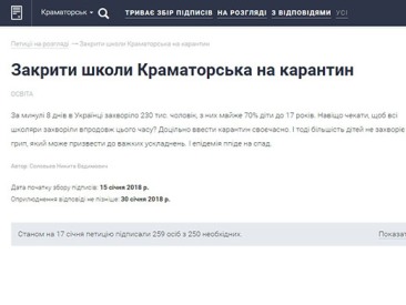 В рекордные сроки - за полтора суток - в Краматорске собрала необходимое количество подписей официальная петиция с требованием закрыть городские школы на карантин.
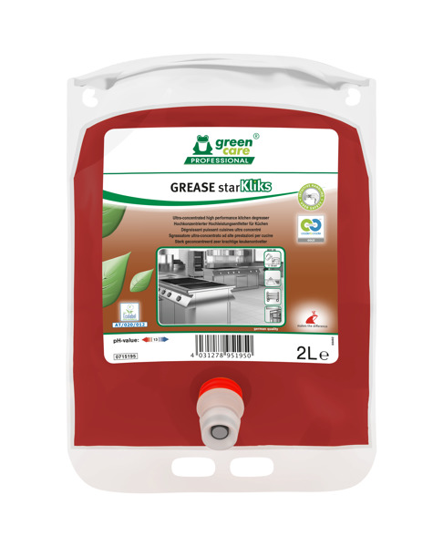 Dank seiner speziellen Tensidkombination ist GREASE off Quick & Easy ein Hochleistungsküchenreiniger, der außergewöhnliche Entfettungseigenschaften besitzt und damit auch hartnäckige Verschmutzung in lebensmittelverarbeitenden Bereichen beseitigt. Als Teil des mobilen Quick & Easy Dosiersystems steht GREASE off Quick & Easy für herausragende Leistung bei effizientem Arbeitseinsatz und geringe Kosten. CLP-frei in der Anwendung bietet das Produkt maximale Anwendersicherheit. Entwickelt mit Wirkstoffen aus regenerativen Quellen trägt dieser Kücheneiniger zum verantwortungsvollen Handeln gegenüber künftigen Generationen bei. Mit seiner EU Ecolabel und Cradle to Cradle® - Zertifizierung antwortet dieser Reiniger auf die wachsenden Anforderungen zur Bewahrung der Umwelt.
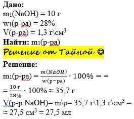 1) при растворении 10г гидроксида натрия в воде получили 28% раствор. Вычислить обьем полученного раствора (плотность 1,3г/см3)
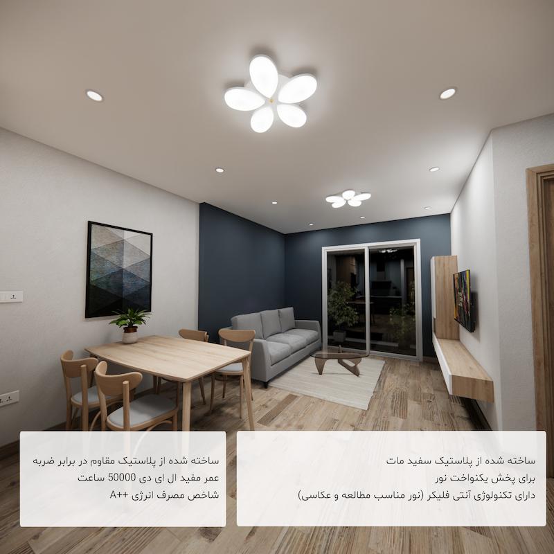 این لوستر مجهز به فناوری LED با عمر مفید ۵۰,۰۰۰ ساعت بوده و بدون نیاز به تعویض لامپ، مصرف انرژی بهینهای دارد. بدنه آن از پلاستیک مات مقاوم و قسمت بالایی از آلومینیوم ساخته شده که ضمن دوام بالا، به دفع حرارت کمک میکند. کنترل نور از طریق ریموت، موبایل یا کلید برق ممکن است و تکنولوژی ضد فلیکر آن، نور مناسب برای مطالعه و عکاسی را تضمین میکند. بستهبندی ایمن، ارسال رایگان، یک سال گارانتی از دیگر مزایای خرید این محصول هستند.
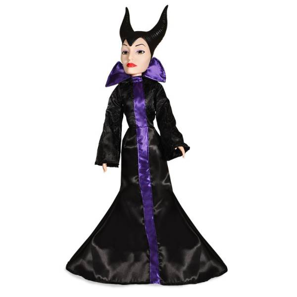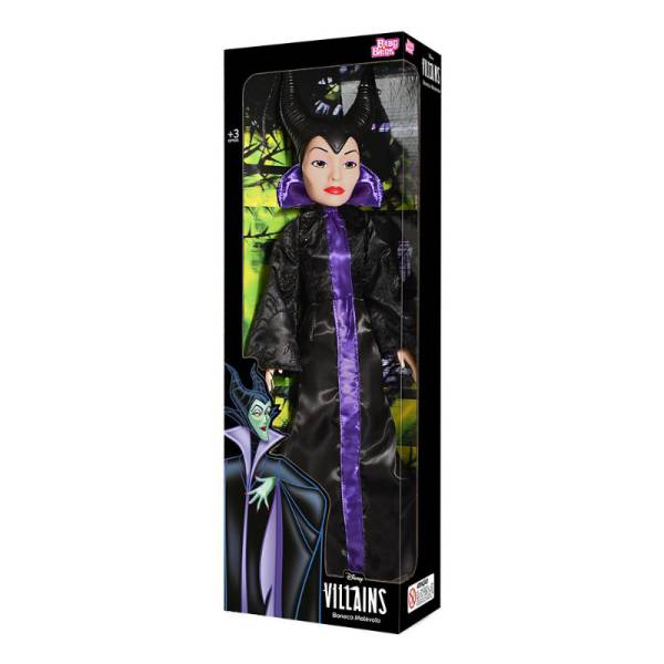 Boneca da personagem Malévola das Vilâs Disney, em vinil, cabelos enraizados, luxuosa roupa em tecido, braços, pernas e cabeça articulados, sapatos removíveis, sem mecanismo, altura 57 cm, idade recomendada 3+
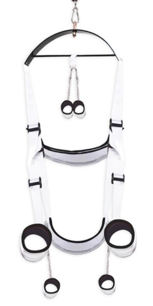 Tato bondage houpačka s pouty na zápěstí a kotníky umožňuje obtížné sexuální polohy – bez nutnosti kroutit se. Upevnění ke stropu je extrémně snadné. Výšku a úhel lze individuálně nastavit. Je také ideální pro páry s velkým výškovým rozdílem. Nastavitelné, odolné pouta lze připevnit k různým D-kroužkům na robustních řetězech, které zajišťují bezpečné uchycení a zároveň otevírají možnost různých poloh omezení při houpání. Polstrovaná sedací plocha je velmi pohodlná a poskytuje velké pohodlí. Součástí je montážní příslušenství a návod k použití.

What is being asked:
Pictures in the material above should be skipped; print exactly the lines from the one with "این لوستر مجهز" through the one with "Boneca da personagem".

Answer box:
 این لوستر مجهز به فناوری LED با عمر مفید ۵۰,۰۰۰ ساعت بوده و بدون نیاز به تعویض لامپ، مصرف انرژی بهینهای دارد. بدنه آن از پلاستیک مات مقاوم و قسمت بالایی از آلومینیوم ساخته شده که ضمن دوام بالا، به دفع حرارت کمک میکند. کنترل نور از طریق ریموت، موبایل یا کلید برق ممکن است و تکنولوژی ضد فلیکر آن، نور مناسب برای مطالعه و عکاسی را تضمین میکند. بستهبندی ایمن، ارسال رایگان، یک سال گارانتی از دیگر مزایای خرید این محصول هستند.
 Boneca da personagem Malévola das Vilâs Disney, em vinil, cabelos enraizados, luxuosa roupa em tecido, braços, pernas e cabeça articulados, sapatos removíveis, sem mecanismo, altura 57 cm, idade recomendada 3+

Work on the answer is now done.